Рыба-одеяло — страница 2 из 34

– Беру его себе, будет моим сыном... Понимаешь?

Все засмеялись, но возражать не стали.

– Куда же ты его денешь, когда приедем?

– А это, понимаешь, видно будет.

– Ну, тогда и я буду его отцом! – закричал Левка.

– И я, – сказал Пашка.

– И я, – крикнул Сережка.

– Нет, прежде не хотели, теперь уже дудки, не уступлю. Моряком его сделаю!

И Ванька решительно подошел к Мишке, велел ему умываться.

Для Мишки согрели воду и коллективно вымыли его, а голову обрили. Стал Мишка безволосый и чистый, как новорожденный мла­денец.

Ванька дал ему запасные штаны, я – шапку, Левка – болотные са­поги, Пашка – рубаху. И когда Мишка все это надел на себя, сделался похожим на картинку «Мужичок с ноготок». Он утонул в шапке, в рубахе с рукавами почти до пола и огромных сапогах. Мы прыснули со смеху. Мишка попробовал пройтись, но шапка нахлобучилась на лицо, он наступил сапогом на сапог и растянулся. Поднявшись, попробовал сплясать, но после двух-трех ударов чечетки в своих тяжелых доспехах остановился, перевел дыхание и вытер пот с лица.

– Не спляшешь, – сказал он, – обутки тяжелые, надо малость попривыкнуть к ним.


* * *

Вот наконец невиданный, незнакомый Петроград.

Прощаемся с теплушками и высаживаемся на Октябрьском вокзале. Навстречу – носильщики, кондуктора, пассажиры... У нас во всем го­роде меньше народу, чем здесь на одном вокзале.
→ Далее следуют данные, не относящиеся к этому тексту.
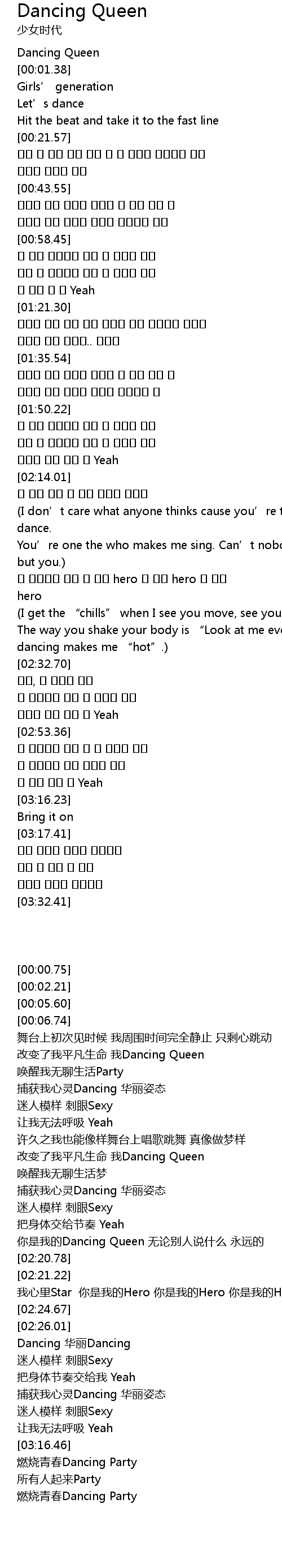 | [02:21.22] | You' re one the who makes me sing. Can' t nobody be my dancing queen but you. |
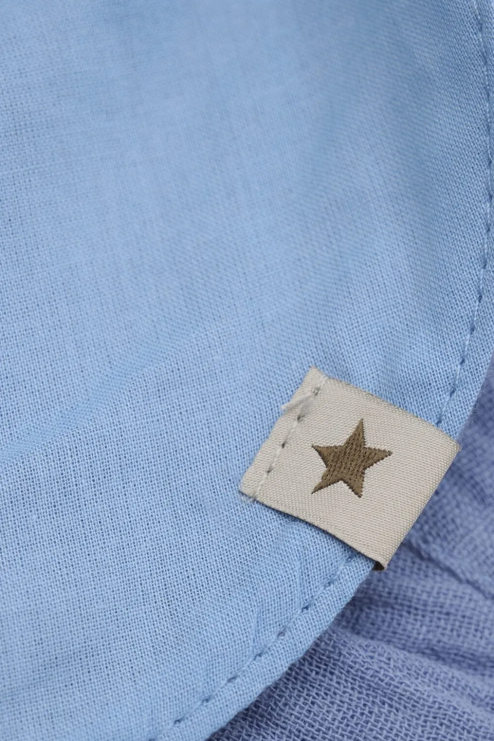 Lyseblå sommerhat fra Huttelihut med bred skygge og nakkebeskyttelse. Den bløde muslinhat har påsyede ører på toppen og beskytter mod solen under udendørs leg.
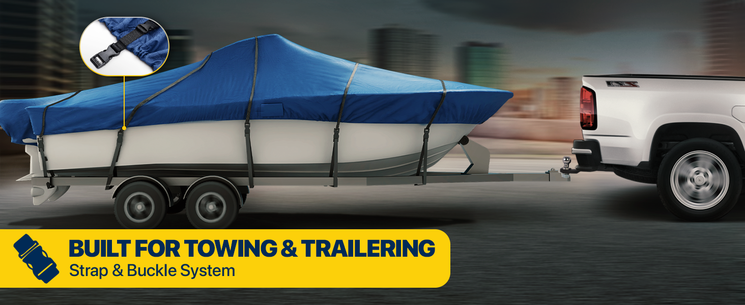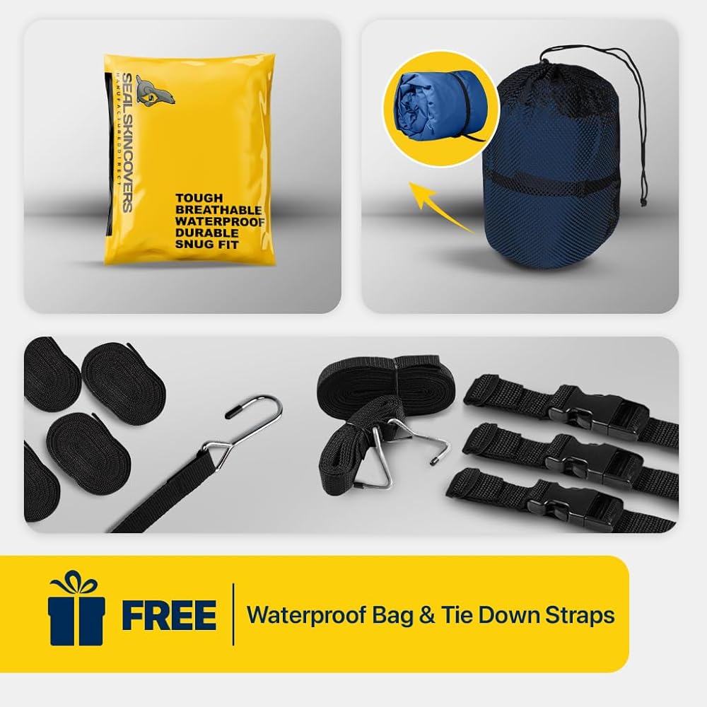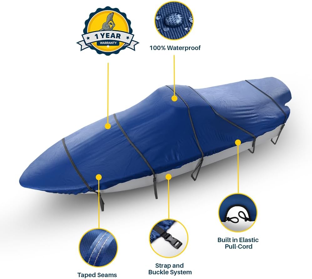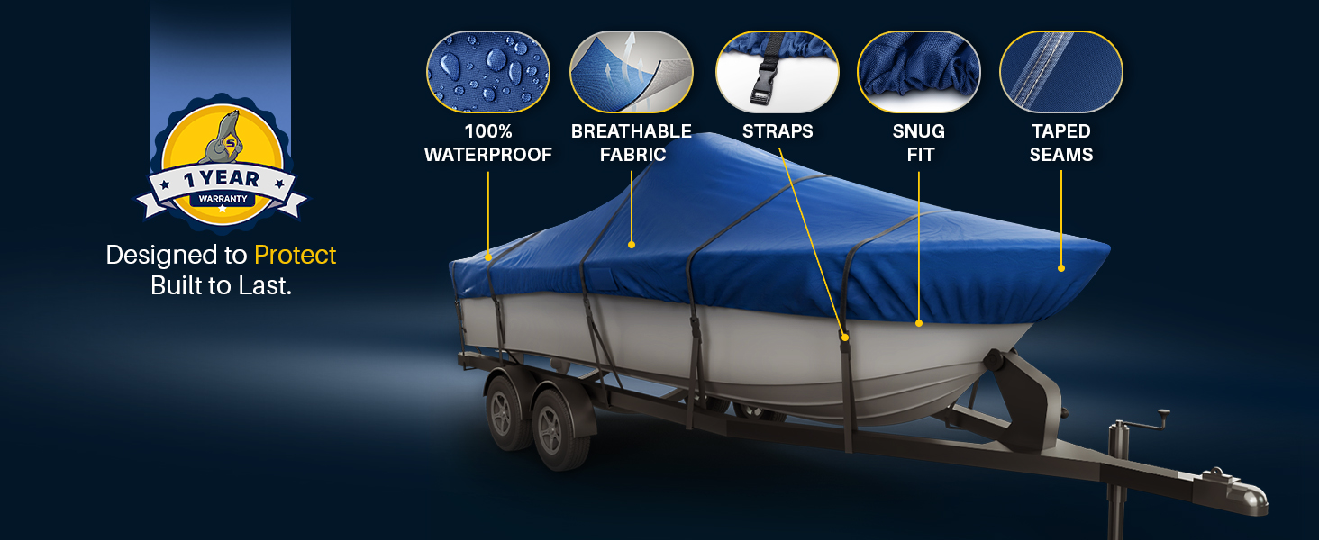 𝗪𝗔𝗧𝗘𝗥𝗣𝗥𝗢𝗢𝗙: Marine-grade polyester with double-stitched, taped seams ensures complete waterproof protection, shielding your boat from rain, snow & saltwater.

Человек в черной морской куртке, с золоченым значком на мич­манке, остановил нас у входа. Велел грузить наши корзины, мешки, сундучки на автомобиль. Потом скомандовал:

– Стройся!

Выстроились мы и зашагали посреди улицы, озираясь по сторонам. А куда идем, сами не знаем.
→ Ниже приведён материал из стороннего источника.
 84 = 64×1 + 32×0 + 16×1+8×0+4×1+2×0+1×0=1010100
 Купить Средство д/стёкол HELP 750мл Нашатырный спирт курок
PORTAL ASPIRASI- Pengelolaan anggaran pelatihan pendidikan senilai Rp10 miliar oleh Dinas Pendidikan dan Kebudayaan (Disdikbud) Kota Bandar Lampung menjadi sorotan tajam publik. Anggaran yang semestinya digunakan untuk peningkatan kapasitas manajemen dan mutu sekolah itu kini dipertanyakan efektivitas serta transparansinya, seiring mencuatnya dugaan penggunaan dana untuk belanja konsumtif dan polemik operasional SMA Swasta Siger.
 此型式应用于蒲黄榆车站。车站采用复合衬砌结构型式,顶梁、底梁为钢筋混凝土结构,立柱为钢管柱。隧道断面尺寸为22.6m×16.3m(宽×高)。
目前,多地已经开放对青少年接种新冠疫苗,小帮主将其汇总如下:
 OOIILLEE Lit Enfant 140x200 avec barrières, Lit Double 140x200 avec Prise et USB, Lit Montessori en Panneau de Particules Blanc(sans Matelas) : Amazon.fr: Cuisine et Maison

Пришли в какой-то высоко обнесенный двор. Это был Дерябинский карантин. Часовой задержал Мишку у ворот.

– Он с нами приехал! – крикнул Ванька Косарев из строя. – Это мой сын!

– Нельзя, – сказал часовой, посмотрев на Ваньку и потом на Мишку.
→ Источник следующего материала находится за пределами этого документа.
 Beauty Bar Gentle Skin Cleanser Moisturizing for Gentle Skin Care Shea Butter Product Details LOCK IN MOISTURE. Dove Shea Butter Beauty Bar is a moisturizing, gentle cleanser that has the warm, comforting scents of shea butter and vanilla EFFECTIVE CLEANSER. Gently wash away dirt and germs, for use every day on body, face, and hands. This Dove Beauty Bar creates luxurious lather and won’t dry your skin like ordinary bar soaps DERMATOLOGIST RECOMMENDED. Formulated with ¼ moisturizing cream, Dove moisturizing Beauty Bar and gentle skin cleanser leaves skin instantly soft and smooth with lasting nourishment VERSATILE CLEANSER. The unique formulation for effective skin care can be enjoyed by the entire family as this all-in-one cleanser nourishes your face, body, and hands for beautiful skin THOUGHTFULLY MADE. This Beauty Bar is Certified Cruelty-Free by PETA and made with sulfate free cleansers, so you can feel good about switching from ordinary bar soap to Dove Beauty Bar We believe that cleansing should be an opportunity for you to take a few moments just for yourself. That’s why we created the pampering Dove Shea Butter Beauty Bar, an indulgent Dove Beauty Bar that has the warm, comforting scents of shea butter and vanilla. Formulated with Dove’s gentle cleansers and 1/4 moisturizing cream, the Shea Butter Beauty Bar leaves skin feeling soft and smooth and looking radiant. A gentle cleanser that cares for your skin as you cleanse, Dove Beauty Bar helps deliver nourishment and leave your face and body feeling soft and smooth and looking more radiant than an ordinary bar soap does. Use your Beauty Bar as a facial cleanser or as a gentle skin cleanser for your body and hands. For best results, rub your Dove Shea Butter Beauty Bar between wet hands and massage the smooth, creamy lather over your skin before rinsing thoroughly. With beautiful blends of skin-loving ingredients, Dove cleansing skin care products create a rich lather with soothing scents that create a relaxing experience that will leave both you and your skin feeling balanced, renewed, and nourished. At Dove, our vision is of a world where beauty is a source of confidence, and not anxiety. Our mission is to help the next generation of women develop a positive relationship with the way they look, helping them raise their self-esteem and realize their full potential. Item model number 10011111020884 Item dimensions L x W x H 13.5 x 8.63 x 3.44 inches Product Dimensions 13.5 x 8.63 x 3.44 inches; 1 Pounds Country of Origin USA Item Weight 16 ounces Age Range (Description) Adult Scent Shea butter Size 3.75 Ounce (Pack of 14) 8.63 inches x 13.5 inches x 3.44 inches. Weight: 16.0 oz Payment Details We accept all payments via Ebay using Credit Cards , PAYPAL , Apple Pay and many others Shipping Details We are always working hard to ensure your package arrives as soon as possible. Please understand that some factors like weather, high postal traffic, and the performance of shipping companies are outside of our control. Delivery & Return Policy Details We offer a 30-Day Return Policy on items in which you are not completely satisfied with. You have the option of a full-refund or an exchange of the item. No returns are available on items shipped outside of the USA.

А командир в мичманке сказал Косареву:

– В строю не разговаривать!

Нам назначили медицинскую комиссию и отправили во флотские казармы, прежде Крюковские, а теперь Второй балтийский флотский экипаж.

Флотские казармы кто-то в шутку назвал сорокатрубным кораблем. С первого же дня нас стали приучать к морским названиям. Ступишь на порог, а это не порог, а «комингс», пол – «палуба», лестница – «трап», шкафчики – «рундуки», потолок – «подволок», комната – «кубрик». И все было как на настоящем корабле.

А на другой день начались строевые учения. Нас учили строю и тридцати пяти приемам старой морской гимнастики.

Однажды, во время учений на площади, мы заметили, что какой-то мальчишка старательно повторяет наши упражнения.

– Ребята, а ведь это Мишка! – сказал Ванька Косарев.

Вечером Ванька Косарев стоял на часах у ворот казармы нашего флотского экипажа К нему подбежал Мишка.

– Ваня!

У Косарева дрогнули губы, но он не сказал ни слова.

– Ваня, ты что – меня не узнал?

– Часовому не полагается разговаривать, – строго сказал Ко­сарев.

– А ты стой, а я буду тебе рассказывать... Я ведь теперь в дет­ском доме, учусь там и бегаю к вам на площадь на гимнастику. Я с вами во флот пойду!

Так разговаривали они: один говорил, а другой стоял молча и слушал.


* * *

Таинственный узел погибшего в тайге матроса не давал мне покоя, и я спрашивал о нем у всех моряков. В экипаже находилась рота кад­ровых матросов. Но ни один из них не знал про такой узел.

– Почитай учебники по такелажному делу, – посоветовали они.

Я обложился книгами, которые взял в библиотеке экипажа. Начал с «Морской практики» Гелмерсена и Черкасова, просмотрел и старин­ный «Морской словарь» Бахтина 1870 года, и книгу Посьета «Вооруже­ние корабля», изданную еще в 1854 году.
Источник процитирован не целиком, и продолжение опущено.